### Exercise data
*** Block opens ***
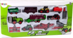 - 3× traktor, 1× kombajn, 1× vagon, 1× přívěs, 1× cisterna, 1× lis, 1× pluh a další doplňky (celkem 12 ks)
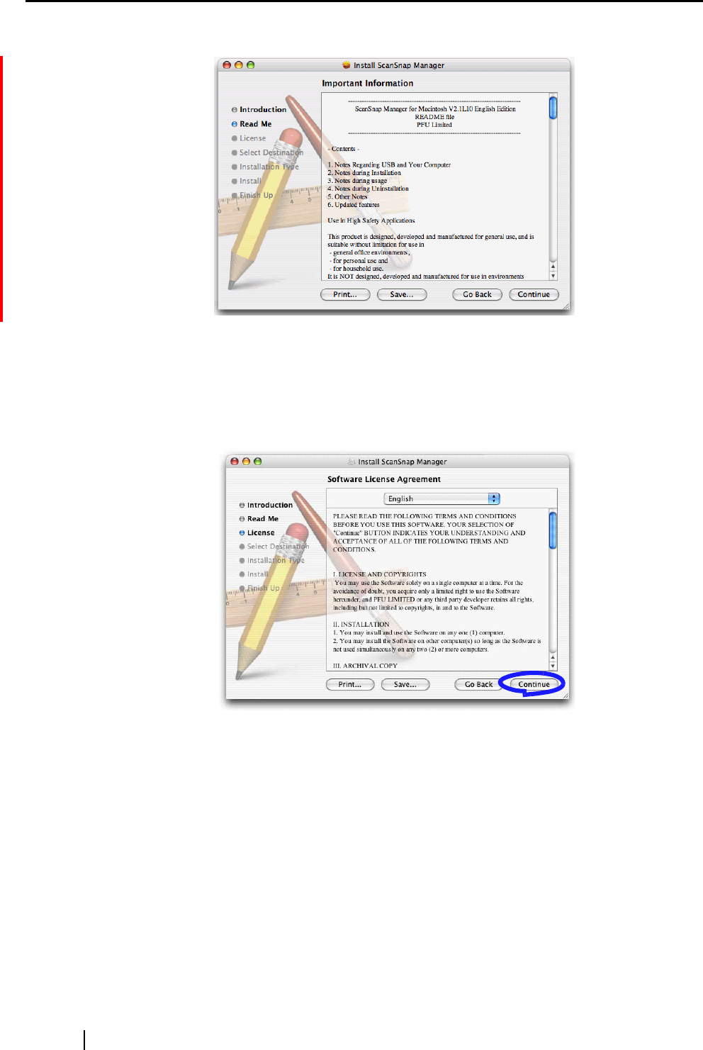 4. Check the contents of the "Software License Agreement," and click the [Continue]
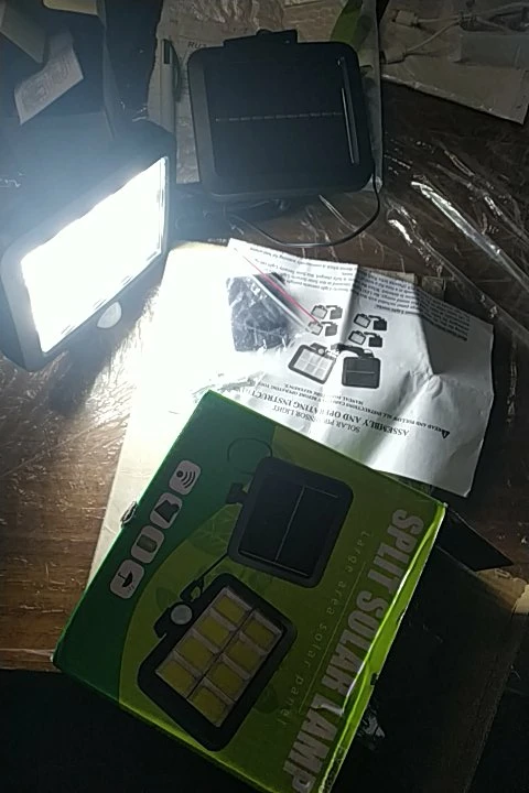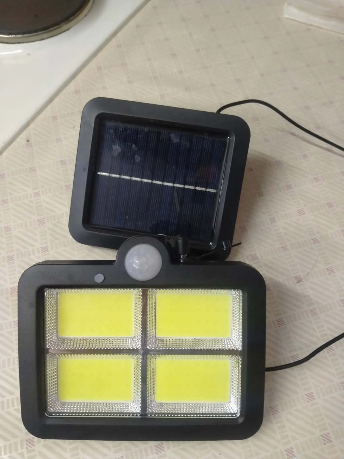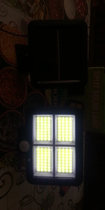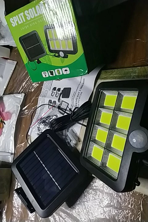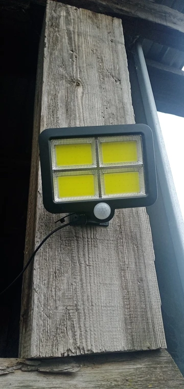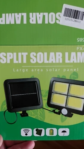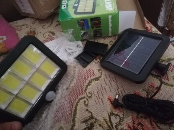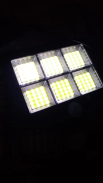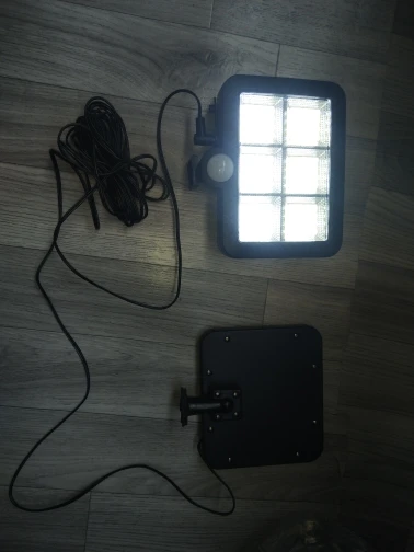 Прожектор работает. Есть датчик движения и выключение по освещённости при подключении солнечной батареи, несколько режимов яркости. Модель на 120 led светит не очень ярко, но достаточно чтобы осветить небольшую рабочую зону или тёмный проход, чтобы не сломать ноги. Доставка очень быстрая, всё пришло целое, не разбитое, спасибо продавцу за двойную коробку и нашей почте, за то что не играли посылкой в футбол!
*** Block closes ***
### Goal of the exercise
Each line from the first line of the data above through the one containing "4. Check the" must be set down exactly; the pictures must not be.

### Your solution
 - 3× traktor, 1× kombajn, 1× vagon, 1× přívěs, 1× cisterna, 1× lis, 1× pluh a další doplňky (celkem 12 ks)
 4. Check the contents of the "Software License Agreement," and click the [Continue]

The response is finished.